→ Data for this task

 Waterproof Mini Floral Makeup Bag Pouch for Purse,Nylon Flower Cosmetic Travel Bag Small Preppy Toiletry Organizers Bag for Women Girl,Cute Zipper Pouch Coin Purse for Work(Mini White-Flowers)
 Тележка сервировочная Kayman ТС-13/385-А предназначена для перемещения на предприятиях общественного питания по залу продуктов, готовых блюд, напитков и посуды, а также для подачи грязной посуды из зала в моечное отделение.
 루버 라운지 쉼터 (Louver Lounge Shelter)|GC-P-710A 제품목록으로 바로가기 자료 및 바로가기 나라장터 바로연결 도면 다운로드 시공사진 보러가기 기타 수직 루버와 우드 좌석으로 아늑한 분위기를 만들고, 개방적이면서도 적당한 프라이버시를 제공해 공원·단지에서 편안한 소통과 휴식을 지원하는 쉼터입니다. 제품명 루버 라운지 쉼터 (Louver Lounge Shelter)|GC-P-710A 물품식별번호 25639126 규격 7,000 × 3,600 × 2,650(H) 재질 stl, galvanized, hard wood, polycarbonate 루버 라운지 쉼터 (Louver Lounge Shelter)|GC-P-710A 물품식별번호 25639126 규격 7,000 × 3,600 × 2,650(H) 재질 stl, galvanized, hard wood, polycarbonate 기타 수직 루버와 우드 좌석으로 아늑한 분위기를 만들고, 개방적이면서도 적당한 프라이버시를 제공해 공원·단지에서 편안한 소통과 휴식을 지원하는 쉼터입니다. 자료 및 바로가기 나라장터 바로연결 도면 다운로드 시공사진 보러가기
...
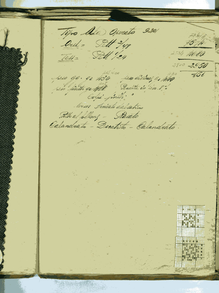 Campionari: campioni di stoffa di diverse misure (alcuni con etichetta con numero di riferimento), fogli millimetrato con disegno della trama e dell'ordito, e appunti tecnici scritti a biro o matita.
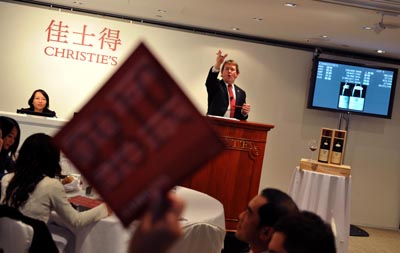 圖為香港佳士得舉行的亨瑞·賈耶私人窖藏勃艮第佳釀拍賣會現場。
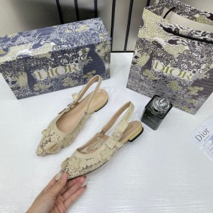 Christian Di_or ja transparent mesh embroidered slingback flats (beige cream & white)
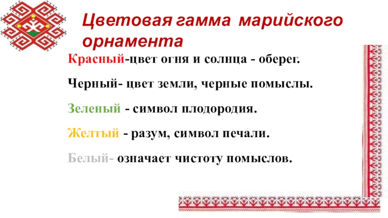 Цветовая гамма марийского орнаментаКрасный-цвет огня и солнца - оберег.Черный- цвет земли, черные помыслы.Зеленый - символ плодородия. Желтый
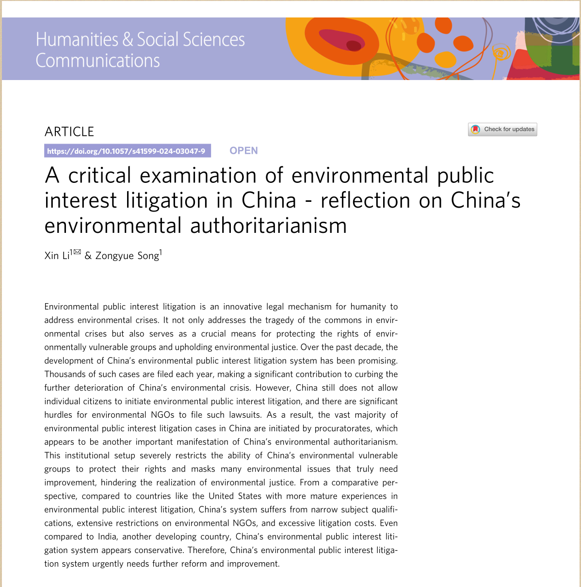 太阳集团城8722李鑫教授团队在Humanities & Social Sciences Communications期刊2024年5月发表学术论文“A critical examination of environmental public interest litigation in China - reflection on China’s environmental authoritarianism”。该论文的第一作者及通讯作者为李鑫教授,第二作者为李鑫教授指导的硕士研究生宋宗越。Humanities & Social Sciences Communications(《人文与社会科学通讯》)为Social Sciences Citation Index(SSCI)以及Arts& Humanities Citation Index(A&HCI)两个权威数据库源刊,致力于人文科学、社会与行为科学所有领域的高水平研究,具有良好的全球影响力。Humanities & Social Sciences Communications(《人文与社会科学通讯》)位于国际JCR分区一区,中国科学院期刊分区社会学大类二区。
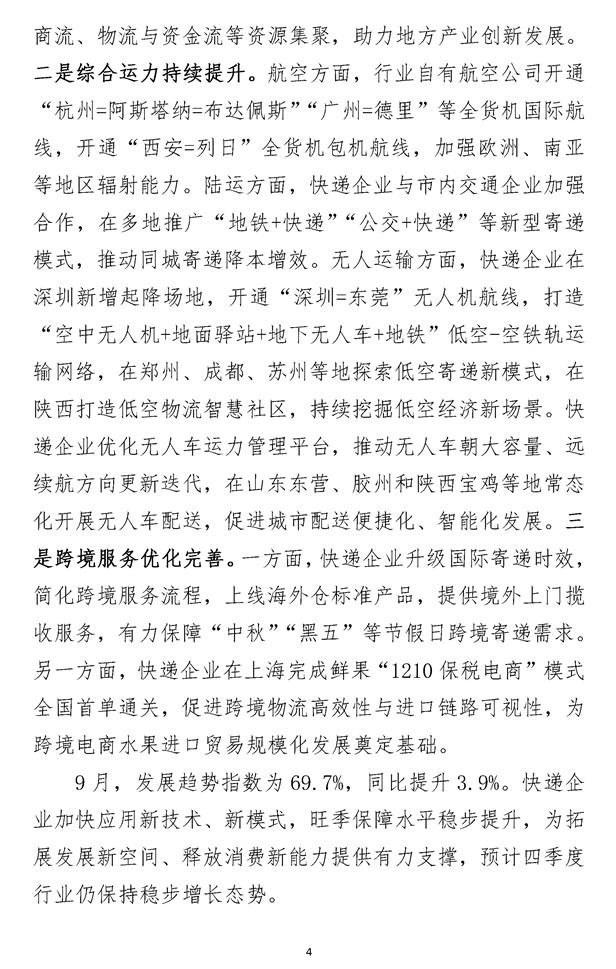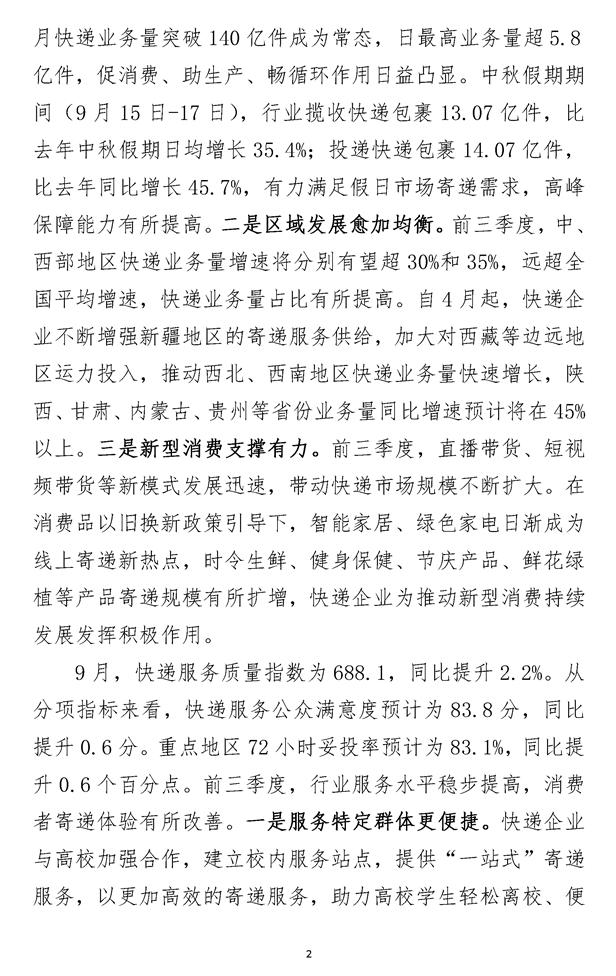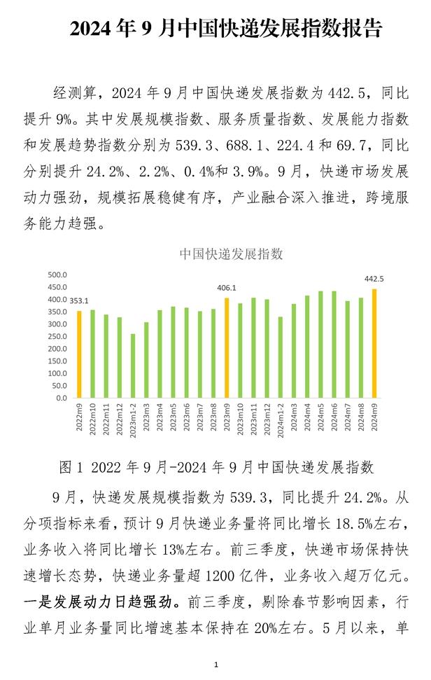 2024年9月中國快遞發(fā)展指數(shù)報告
...
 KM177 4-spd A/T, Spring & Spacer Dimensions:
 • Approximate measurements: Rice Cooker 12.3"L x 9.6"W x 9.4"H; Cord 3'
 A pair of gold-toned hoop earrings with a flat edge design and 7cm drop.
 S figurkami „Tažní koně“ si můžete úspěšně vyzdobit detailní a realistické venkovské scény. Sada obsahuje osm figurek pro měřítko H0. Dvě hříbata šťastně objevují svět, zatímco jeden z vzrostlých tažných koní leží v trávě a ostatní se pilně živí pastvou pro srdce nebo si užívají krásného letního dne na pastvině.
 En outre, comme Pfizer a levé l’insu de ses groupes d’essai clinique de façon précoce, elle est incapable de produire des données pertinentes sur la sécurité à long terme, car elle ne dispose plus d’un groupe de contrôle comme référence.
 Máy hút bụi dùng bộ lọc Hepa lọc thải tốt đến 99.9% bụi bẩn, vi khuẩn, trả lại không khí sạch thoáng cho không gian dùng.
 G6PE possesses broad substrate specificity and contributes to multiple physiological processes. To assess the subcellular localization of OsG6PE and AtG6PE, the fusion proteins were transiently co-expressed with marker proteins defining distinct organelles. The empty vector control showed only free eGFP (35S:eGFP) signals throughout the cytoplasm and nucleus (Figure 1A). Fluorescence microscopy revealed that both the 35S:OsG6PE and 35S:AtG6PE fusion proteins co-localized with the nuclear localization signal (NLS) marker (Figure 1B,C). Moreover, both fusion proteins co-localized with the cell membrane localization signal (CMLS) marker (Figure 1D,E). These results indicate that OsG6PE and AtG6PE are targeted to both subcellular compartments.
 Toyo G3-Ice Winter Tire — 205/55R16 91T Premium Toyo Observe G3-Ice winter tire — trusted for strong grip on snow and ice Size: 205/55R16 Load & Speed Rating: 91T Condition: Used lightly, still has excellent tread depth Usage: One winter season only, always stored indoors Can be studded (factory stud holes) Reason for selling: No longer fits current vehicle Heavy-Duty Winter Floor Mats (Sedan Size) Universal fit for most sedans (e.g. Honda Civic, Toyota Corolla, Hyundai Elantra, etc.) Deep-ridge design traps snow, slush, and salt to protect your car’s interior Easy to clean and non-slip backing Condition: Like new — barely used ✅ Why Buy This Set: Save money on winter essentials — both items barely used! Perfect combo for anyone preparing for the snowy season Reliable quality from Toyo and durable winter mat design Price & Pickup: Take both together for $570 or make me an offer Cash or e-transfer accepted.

→ Exercise description
From the entries above, restate word for word the lines from the line containing "Waterproof Mini Floral" to the line containing "루버 라운지 쉼터 (Louver Lounge Shelter)|GC-P-710A 제품목록으로", both ends included, and nothing more.

→ Solution to the exercise
 Waterproof Mini Floral Makeup Bag Pouch for Purse,Nylon Flower Cosmetic Travel Bag Small Preppy Toiletry Organizers Bag for Women Girl,Cute Zipper Pouch Coin Purse for Work(Mini White-Flowers)
 Тележка сервировочная Kayman ТС-13/385-А предназначена для перемещения на предприятиях общественного питания по залу продуктов, готовых блюд, напитков и посуды, а также для подачи грязной посуды из зала в моечное отделение.
 루버 라운지 쉼터 (Louver Lounge Shelter)|GC-P-710A 제품목록으로 바로가기 자료 및 바로가기 나라장터 바로연결 도면 다운로드 시공사진 보러가기 기타 수직 루버와 우드 좌석으로 아늑한 분위기를 만들고, 개방적이면서도 적당한 프라이버시를 제공해 공원·단지에서 편안한 소통과 휴식을 지원하는 쉼터입니다. 제품명 루버 라운지 쉼터 (Louver Lounge Shelter)|GC-P-710A 물품식별번호 25639126 규격 7,000 × 3,600 × 2,650(H) 재질 stl, galvanized, hard wood, polycarbonate 루버 라운지 쉼터 (Louver Lounge Shelter)|GC-P-710A 물품식별번호 25639126 규격 7,000 × 3,600 × 2,650(H) 재질 stl, galvanized, hard wood, polycarbonate 기타 수직 루버와 우드 좌석으로 아늑한 분위기를 만들고, 개방적이면서도 적당한 프라이버시를 제공해 공원·단지에서 편안한 소통과 휴식을 지원하는 쉼터입니다. 자료 및 바로가기 나라장터 바로연결 도면 다운로드 시공사진 보러가기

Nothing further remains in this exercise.